Смерть Элигуловой вызвала среди петхаинцев глубокое замешательство. Одни были удручены, другие испытывали тревогу, третьи жалость, четвертые угрызения совести. На последней панихиде, во дворе синагоги, женщины, постоянно злословившие об усопшей, стыдливо теперь всхлипывали и, несмотря на ее изношенный вид, наперебой утверждали, что даже в гробу, с почерневшим шрамом на губе, Натела смотрится величественно, как библейская Юдифь. Одна только раввинша осмелилась предположить, будто при должном уходе за собой любая петхаинская баба способна выглядеть в гробу привлекательно. Ее зашикали, а сам Залман произнес неожиданно добрые и теплые слова.
К своей первой надгробной речи он готовился, видимо, тщательно: выдерживал смысловые паузы, поднимал в нужный момент голос и выгибал брови, растягивал отдельные слоги, сбивался порою на шепот, промокал глаза бумажными салфетками «Клинекс» и, наконец, иллюстрировал мысли плавными жестами: лепил в ладонях из воздуха абстрактные фигурки и отпускал их виснуть или витать в пространстве над изголовьем гроба, к которому его теснила набившаяся во двор толпа. Кроме петхаинцев, всех до одного, кроме уличных зевак и жителей соседних с синагогой домов — послушать Залмана или, быть может, проститься с Нателой, или же просто из любопытства пришли с полтора десятка незнакомых мне мужчин. Двоих из них, впрочем, я вскоре узнал: мистера Пэнна из Торговой Палаты и самого молодого из навещавших меня неЪКливлендов. Про третьего — рядом с не-Кливлендом — сказали, что он и есть сенатор Холперн. Сказали еще, будто присутствовал и представитель Любавичского Рэбе.

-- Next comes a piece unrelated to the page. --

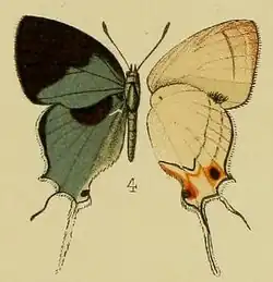 - ^ Druce, Hamilton H. (1910). "Descriptions of new Lycaenidae and Hesperiidae from tropical West Africa". Proceedings of the Zoological Society of London. 1910 (1): 371–372;Pl. 35, Fig. 4.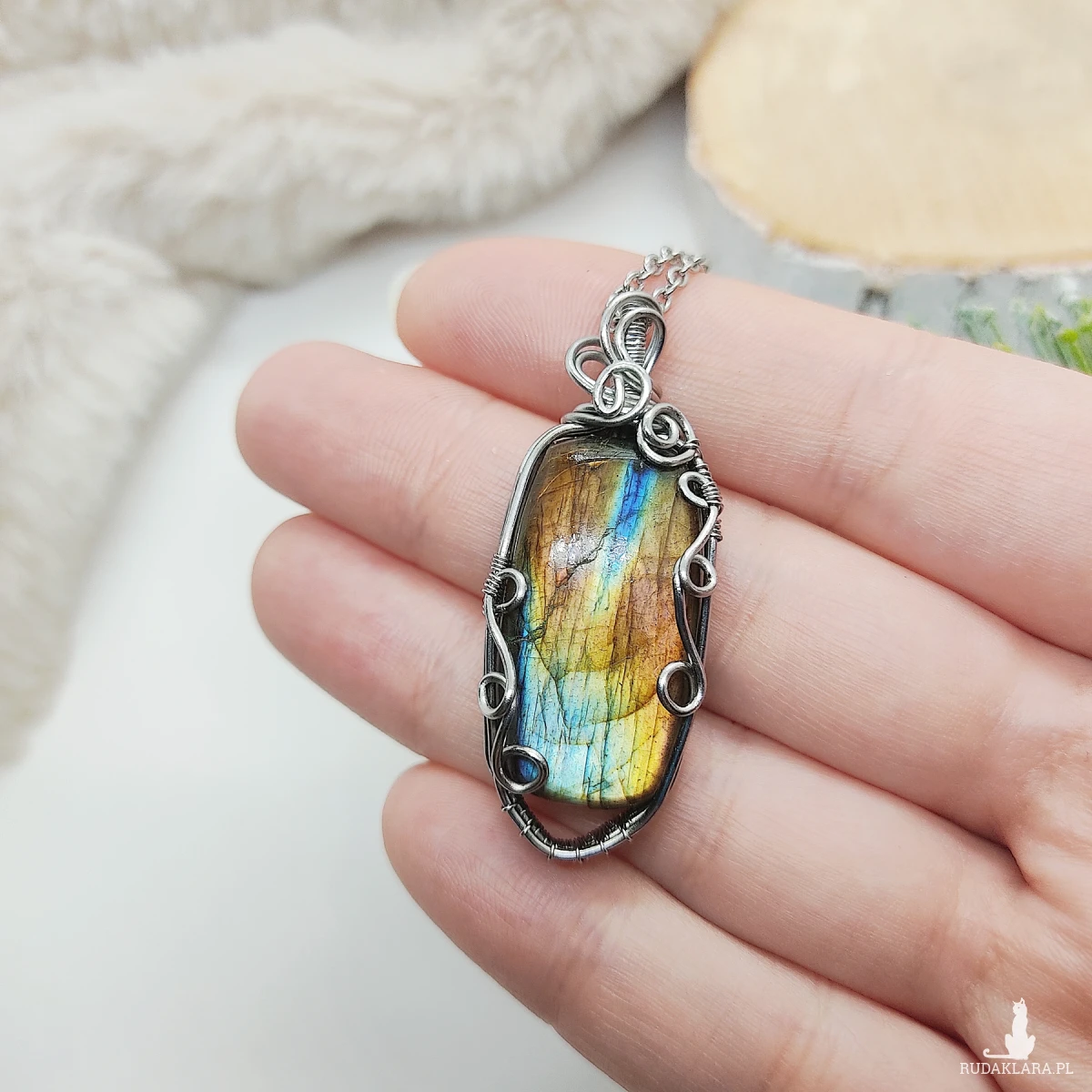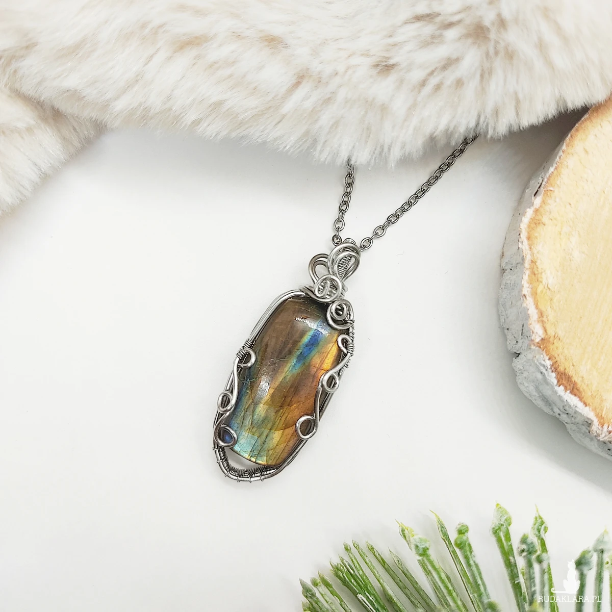 Naszyjnik Labradoryt Wielokolorowy ręcznie robiony. Wykonany techniką wire wrapping z drutów ze stali chirurgicznej. Kamień pod odpowiednim kątem mieni się na złoty kolor.

Ради гостей раввин говорил по-английски, и вместе с непривычным для него содержанием речи это делало Залмана неузнаваемым. Несмотря на его шляпу, огромный острый нос и неповторимую каравеллу на горле, было впечатление, что раввина подменили. Даже — когда с местных, американских, образов он перешел к петхаинским. Дело заключалось не в стиле, — в содержании. Если бы не эта панихида, я бы так и не догадался, что Залман способен быть совершенно иным человеком. Быть может, этого не знал бы и сам он.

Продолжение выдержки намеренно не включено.